TASK DESCRIPTION:
When you restate the entries that follow, keep every word exactly and drop the pictures.

EXTRACTED INFORMATION:
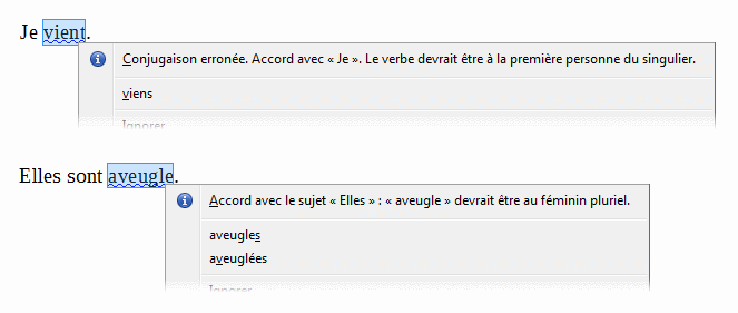 - Chevauchement des erreurs : Avec Writer, il peut arriver, lorsque deux erreurs se chevauchent, que la correction choisie s’applique sur la zone des deux erreurs au lieu d’une seule. (Ce problème est rare, tout étant fait pour l’éviter.)
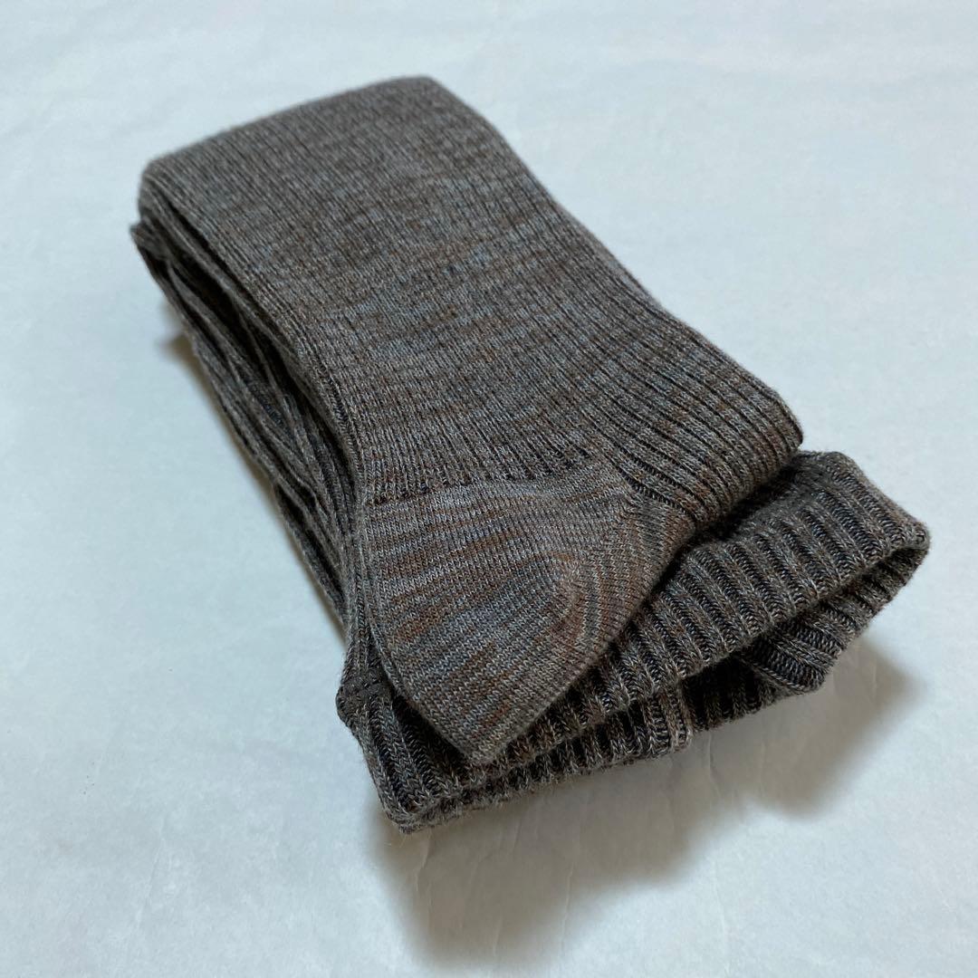 ウール混厚手ミックスリブタイツML グレーxモカミックス
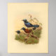 1878 Illustration vintage de l'oiseau Todopsis de Bonaparte. Avec des plumes bleues, violettes et marron posées sur les rochers et le sol.
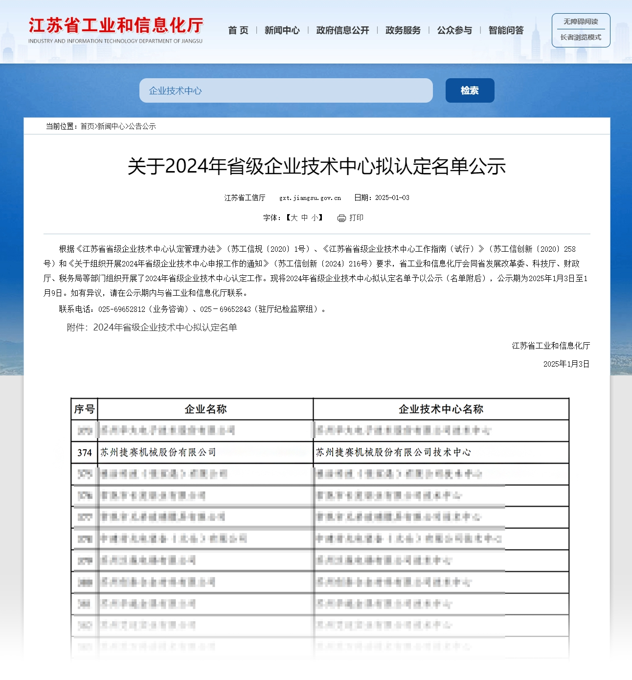 新年伊始,江蘇省工業(yè)和信息化廳對(duì)2024年省級(jí)企業(yè)技術(shù)中心擬認(rèn)定名單進(jìn)行公示。蘇州捷賽憑借在技術(shù)創(chuàng)新與產(chǎn)品研發(fā)方面的卓越表現(xiàn)成功通過江蘇省企業(yè)技術(shù)中心認(rèn)定,斬獲省級(jí)殊榮!
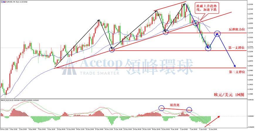 如图所示,在欧元/美元1小时周期中,价格前期在上涨的过程当中,MACD指标在高位形成顶背离的技术形态。此后价格跌破上升趋势线,目前已经逼近第一支撑位附近,第一支撑位在1.2130附近。目前下方MACD指标绿柱正在缩短,预计短期下行空间有限,或将展开反弹。但中期趋势依然偏空,预计反弹至阻力位附近后还将持续下跌,短期反弹阻力位在1.2210附近,建议投资者在阻力位做空。

YOUR RESPONSE:
 - Chevauchement des erreurs : Avec Writer, il peut arriver, lorsque deux erreurs se chevauchent, que la correction choisie s’applique sur la zone des deux erreurs au lieu d’une seule. (Ce problème est rare, tout étant fait pour l’éviter.)
 ウール混厚手ミックスリブタイツML グレーxモカミックス
 1878 Illustration vintage de l'oiseau Todopsis de Bonaparte. Avec des plumes bleues, violettes et marron posées sur les rochers et le sol.
 新年伊始,江蘇省工業(yè)和信息化廳對(duì)2024年省級(jí)企業(yè)技術(shù)中心擬認(rèn)定名單進(jìn)行公示。蘇州捷賽憑借在技術(shù)創(chuàng)新與產(chǎn)品研發(fā)方面的卓越表現(xiàn)成功通過江蘇省企業(yè)技術(shù)中心認(rèn)定,斬獲省級(jí)殊榮!
 如图所示,在欧元/美元1小时周期中,价格前期在上涨的过程当中,MACD指标在高位形成顶背离的技术形态。此后价格跌破上升趋势线,目前已经逼近第一支撑位附近,第一支撑位在1.2130附近。目前下方MACD指标绿柱正在缩短,预计短期下行空间有限,或将展开反弹。但中期趋势依然偏空,预计反弹至阻力位附近后还将持续下跌,短期反弹阻力位在1.2210附近,建议投资者在阻力位做空。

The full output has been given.